Collecting Data From Around the World
Another organization using big data in the cloud is the Virginia Bioinformatics Institute (VBI), a research institute in Blacksburg, Va. VBI conducts genome analysis and DNA sequencing using about 100 terabytes of data that's collected each week from around the world.
"Our largest project is the downloading and reanalysis of every sequenced human genome to identify new biomarkers and drug targets, especially for cancer," says Skip Garner, executive director and professor at VBI. "We are analyzing approximately 100 genomes per day, and these are all downloaded from the cloud."
Data generated from various scientific sources is downloaded and then analyzed on VBI servers. "Recently, it has become easier and more efficient to download what we need and not keep local copies, for it amounts to tens of petabytes," Garner says. "So the cloud has enabled us to download, use and throw away raw data to save space, and then download again if necessary."
The institute hasn't used non-cloud compute resources for the research work because its codes "are memory hogs, requiring servers with at least a terabyte of RAM," he explains.
Managing big data in the cloud does come with challenges, Garner points out. The big issues are security and intellectual property. For example, VBI has permission to download certain data sets, and, in those agreements, it must maintain control, allowing only certain people to have access to the data.
"We can be absolutely sure of where the data is when it is in our servers, and we are confident that we are adhering to the terms of agreements," Garner says. "That is not [the case] when data is in the cloud.

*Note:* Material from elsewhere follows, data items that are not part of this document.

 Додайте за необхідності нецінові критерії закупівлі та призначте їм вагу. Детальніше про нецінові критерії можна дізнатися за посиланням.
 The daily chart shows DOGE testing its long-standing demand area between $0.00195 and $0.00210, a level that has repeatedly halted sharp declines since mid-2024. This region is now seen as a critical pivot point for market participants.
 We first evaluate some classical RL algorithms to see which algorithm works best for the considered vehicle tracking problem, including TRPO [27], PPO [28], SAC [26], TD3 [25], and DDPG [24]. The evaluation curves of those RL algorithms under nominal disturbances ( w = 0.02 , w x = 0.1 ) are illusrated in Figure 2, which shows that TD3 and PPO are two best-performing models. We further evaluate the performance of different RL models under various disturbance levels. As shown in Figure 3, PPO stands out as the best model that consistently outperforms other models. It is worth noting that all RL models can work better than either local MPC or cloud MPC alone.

So, currently, we do not put data in the cloud, we only download."
Downloading and using data from the cloud saves VBI a lot on storage costs, and the return on investment was "immediate", according to Garner.
As organizations approach big data, their first choice for compute and storage platforms should be the cloud, says Chris Smith, U.S. federal chief technology and innovation officer at New York-based Accenture, a global management consulting company.

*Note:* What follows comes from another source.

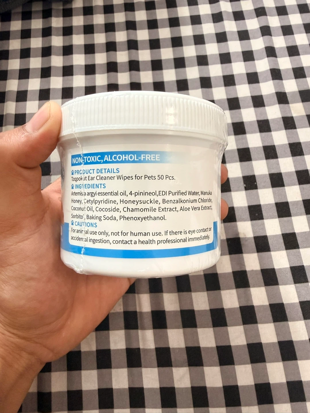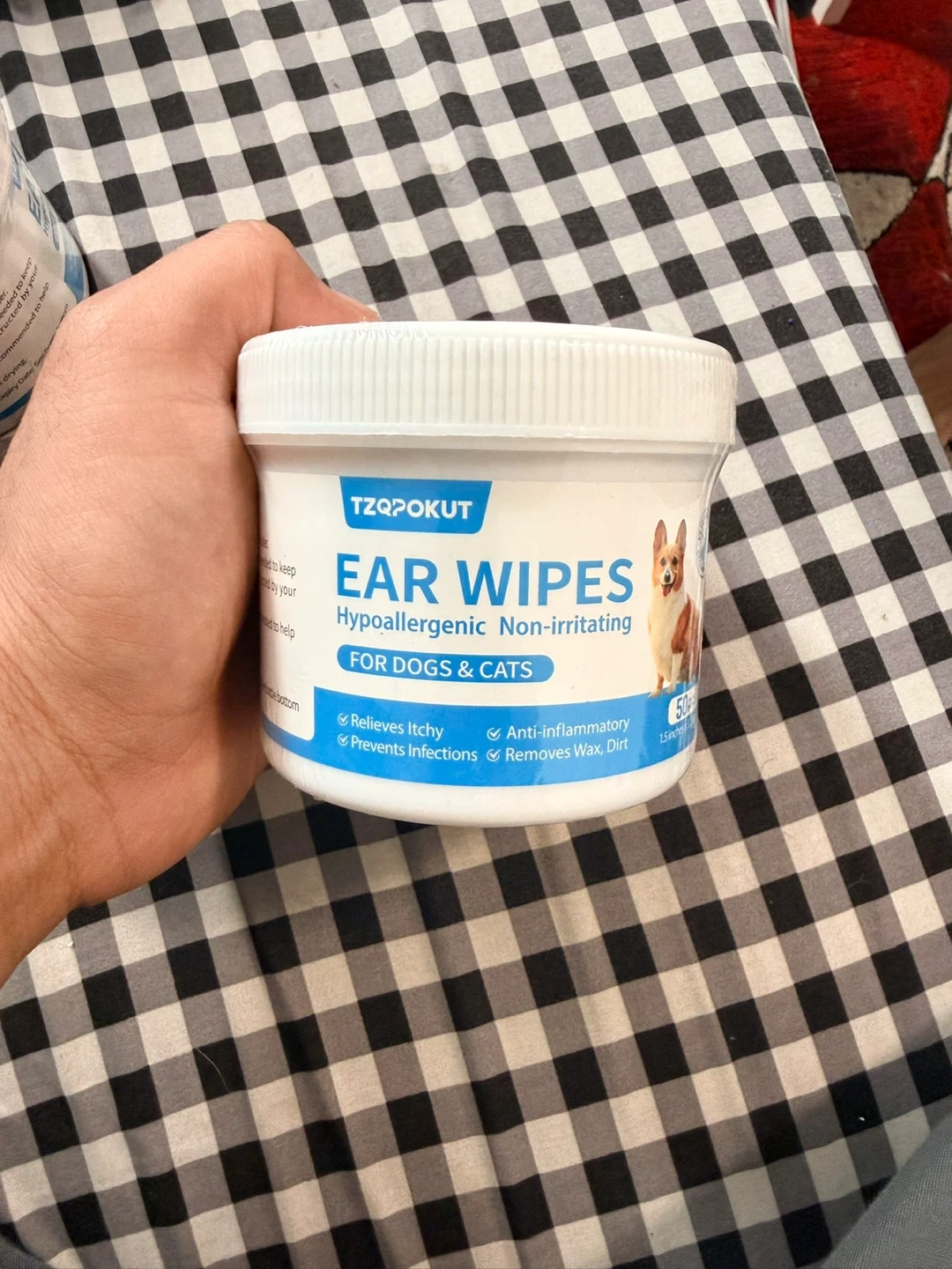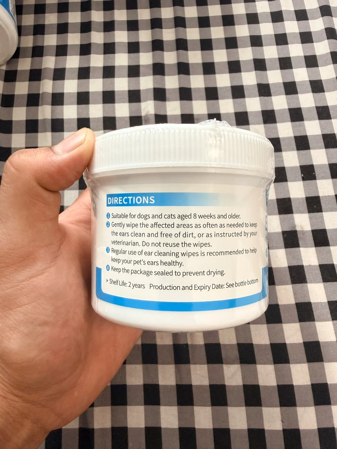 Selling a container of ear wipes for dogs and cats. These wipes are hypoallergenic and non-irritating, perfect for keeping your pet's ears clean. They help relieve itchiness, reduce inflammation, prevent infections, and remove wax and dirt. Expiry Date: July 08, 2026

"Low cost, highly scalable and elastic capabilities are the right formula for implementing big data," Smith says. "In some cases, a big data solution in a highly secure environment may dictate an internal data center [strategy], but most organizations are developing their own internal private clouds, and this is the right place for those specific solutions as well."
Organizations continue to adopt and implement private, public and hybrid clouds, "with these technologies having become mainstream choices for developing new capabilities," Smith says. "I expect to see increased and even more rapid adoption over the next 18 to 24 months."

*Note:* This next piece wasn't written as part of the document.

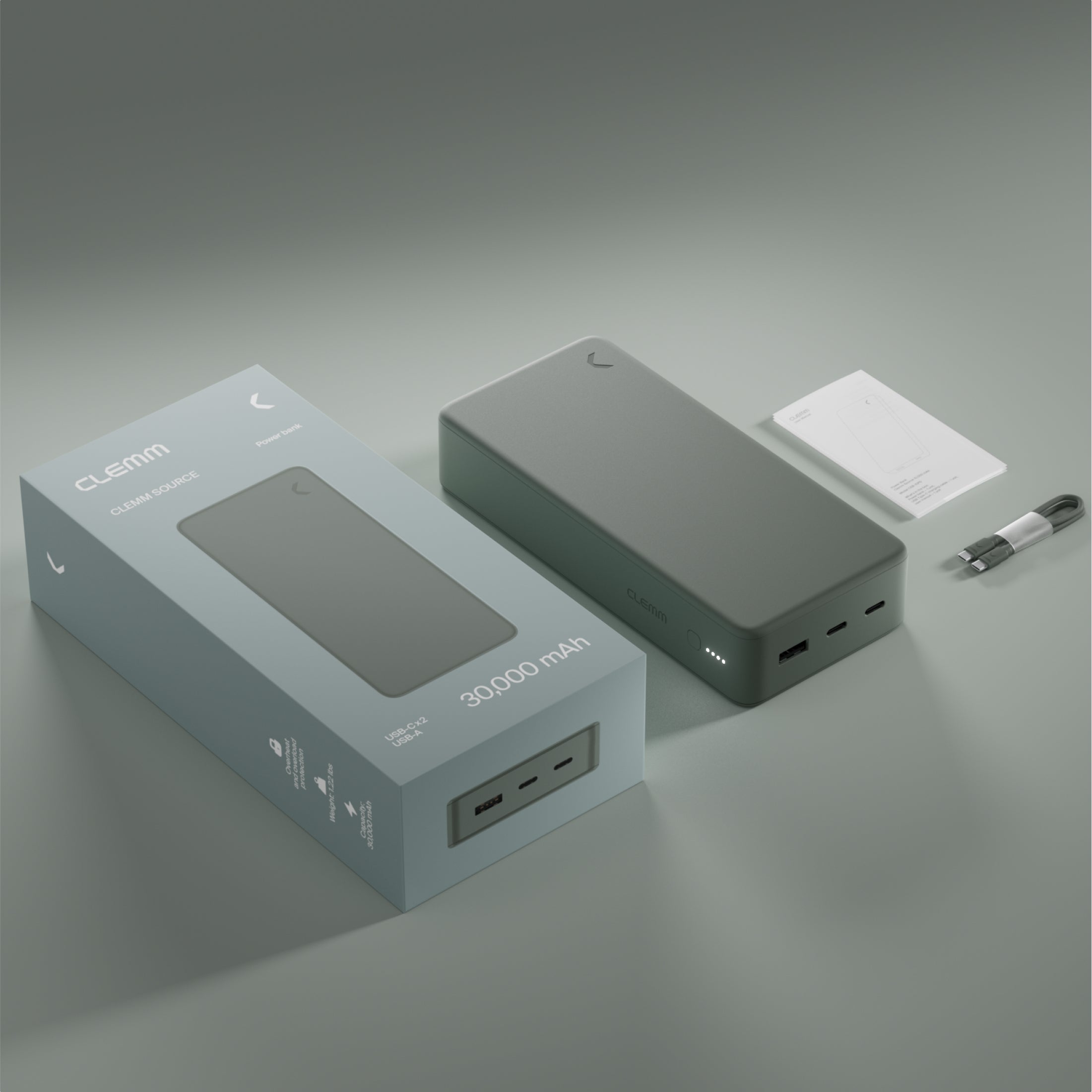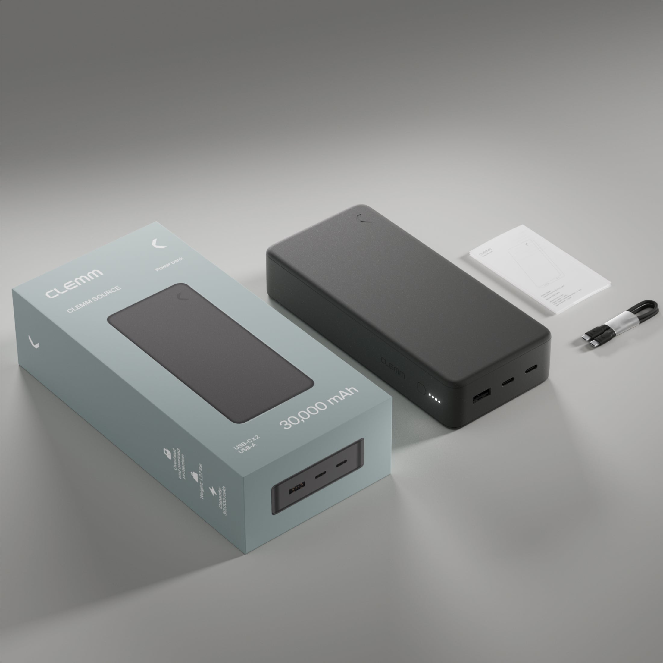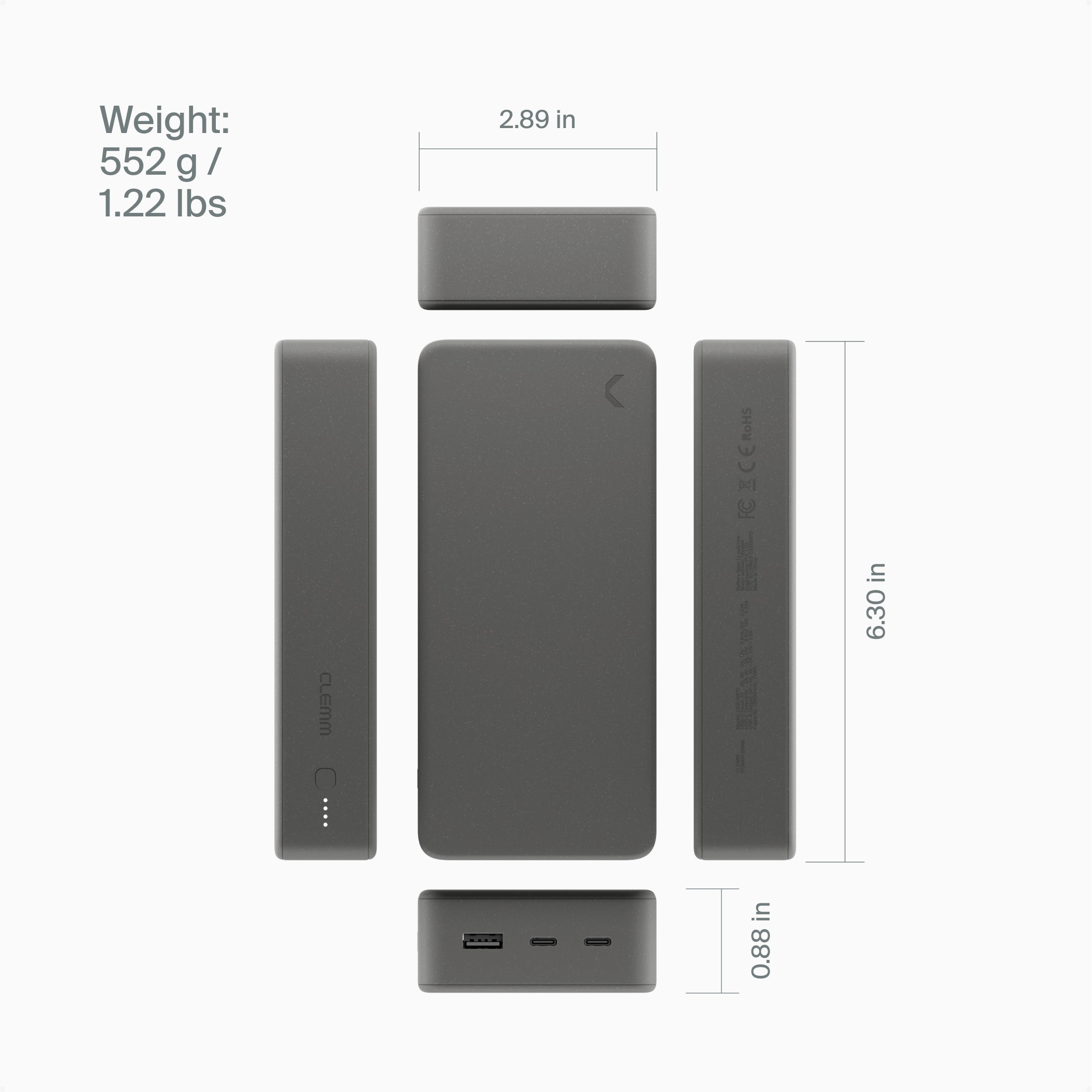 Clemm Source 30,000 mAh Power Bank delivers up to six full smartphone charges, two tablet charges, or one laptop charge — keeping you powered all day, every day.

As organizations increase the breadth and depth of business technology offerings in the cloud, Smith says, they need to ensure that they can manage information across multiple heterogeneous environments, in order to be able to clearly develop, analyze and articulate the state of business, as well as provide highly available, high-performing services that deliver value.
"A robust cloud brokering and orchestration capability that puts the organization in the driver's seat to maintain, deliver and innovate new and better services will be key for the enterprise," Smith says.
The cloud itself will continue to generate lots of data, says London-based research firm Ovum. In "2013 Trends to Watch: Cloud Computing," the firm says that 2013 will see cloud computing continue to grow rapidly. Cloud computing in all its types—public, private and hybrid—is building momentum, evolving fast and becoming increasingly enterprise-grade, Ovum says.
Cloud computing services—and the social and mobile applications that cloud platforms underpin—are generating a lot of data, which, in turn, requires cloud services and applications to make sense of it, Ovum notes.
This trend is fueling other industry trends, such as the Internet of things (machine-to-machine communication and data processing), consumerization of IT and big data.